In this lab, you'll delve into the advanced concept of Retriever-Augmented Generation (RAG), a cutting-edge approach in natural language processing that synergistically combines the powers of retrieval and generation. You will explore how to effectively retrieve relevant information from a large dataset and then use a state-of-the-art sequence-to-sequence model to generate precise answers to complex questions. By integrating tools such as the Dense Passage Retriever (DPR) and the GPT2 model for generation, this lab will equip you with the skills to build a sophisticated question-answering system that can find and synthesize information on-the-fly. Through hands-on coding exercises and implementations, you will gain practical experience in handling real-world NLP challenges, setting up a robust natural language processing (NLP) pipeline, and fine-tuning models to enhance their accuracy and relevance.


## Objectives


- **Understand the concept and components:** Grasp the fundamentals of Retriever-Augmented Generation (RAG), focusing on how retrieval and generation techniques are combined in natural language processing (NLP).
- **Implement Dense Passage Retriever (DPR):** Learn to set up and use DPR to efficiently retrieve documents from a large dataset, which is crucial for feeding relevant information into generative models.
- **Integrate sequence-to-sequence models:** Explore integrating sequence-to-sequence models such as GPT2 to generate answers based on the contexts provided by DPR, enhancing the accuracy and relevance of responses.
- **Build a Question-Answering System:** Gain practical experience by developing a question-answering system that utilizes both DPR and GPT2, mimicking real-world applications.
- **Fine-tune and optimize NLP models:** Acquire skills in fine-tuning and optimizing NLP models to improve their performance and suitability for specific tasks or datasets.
- **Use professional NLP tools:** Get familiar with using advanced NLP tools and libraries, such as Hugging Face’s transformers and dataset libraries, to implement sophisticated NLP solutions.
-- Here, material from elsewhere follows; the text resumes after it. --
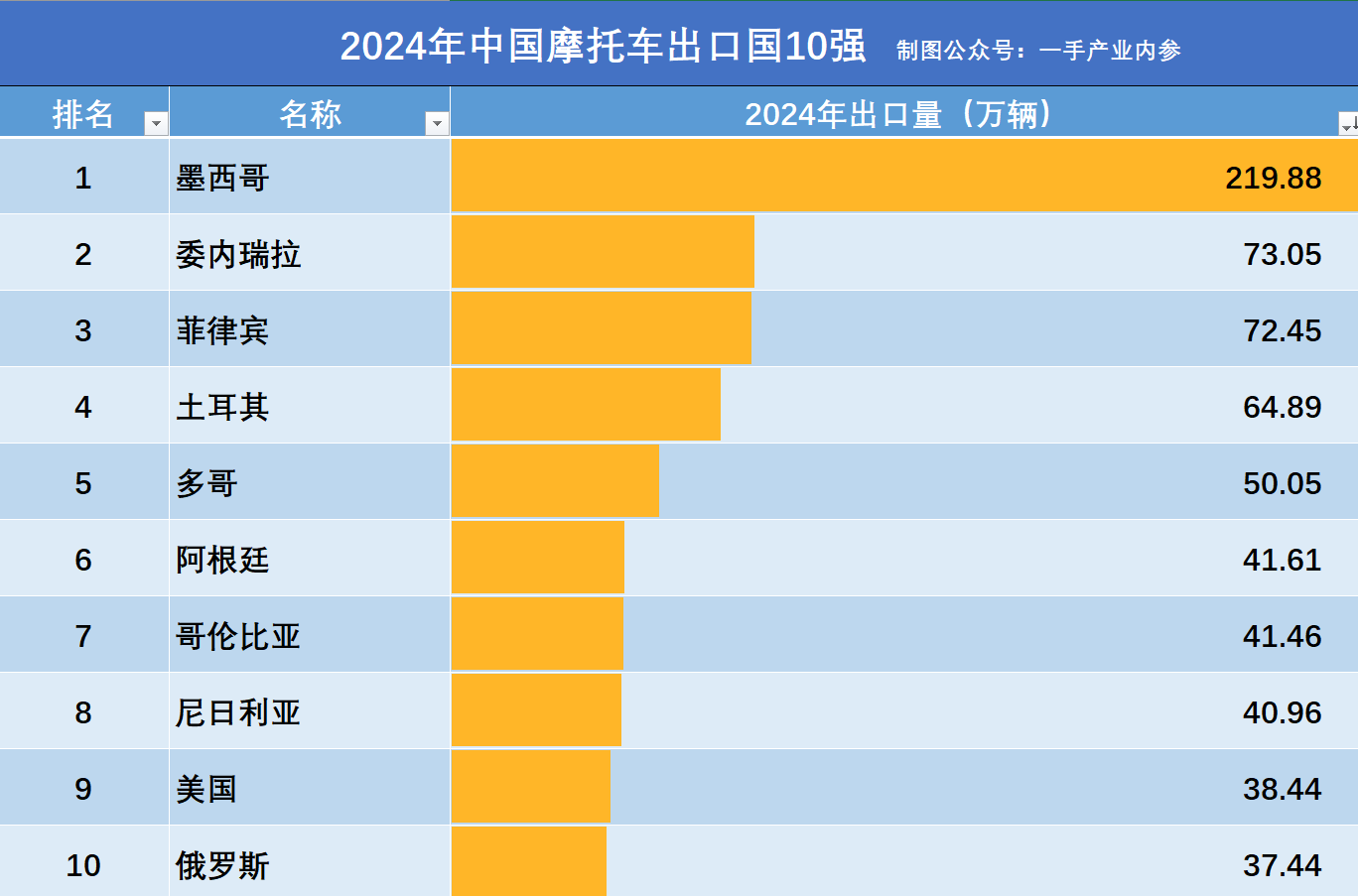 另附:2024年度中国摩托车出口10强国家名单,数据源于:中国摩托车商会。

In this lab, you'll use several libraries tailored for natural language processing, data manipulation, and efficient computation:

- **[wget](https://pypi.org/project/wget/)**: Used to download files from the internet, essential for fetching datasets or pretrained models.
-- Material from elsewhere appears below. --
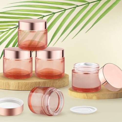 12 Pcs 60g/2oz Glass Cosmetic Jars Refillable Cream Bottle Containers Empty Sample Vials Jar with Rose Gold Lid for Eye Cream Lotion Ointments Lip Balm Scrub - Pink 5

- **[torch](https://pytorch.org/)**: PyTorch library, fundamental for machine learning and neural network operations, provides GPU acceleration and dynamic neural network capabilities.

- **[numpy](https://numpy.org/)**: A staple for numerical operations in Python, used for handling arrays and matrices.

- **[faiss](https://github.com/facebookresearch/faiss)**: Specialized for efficient similarity search and clustering of dense vectors, crucial for information retrieval tasks.

- **[transformers](https://huggingface.co/transformers/)**: Offers a multitude of pretrained models for a variety of NLP tasks, for example:
  
  **DPRQuestionEncoder**, **DPRContextEncoder**: Encode questions and contexts into vector embeddings for retrieval.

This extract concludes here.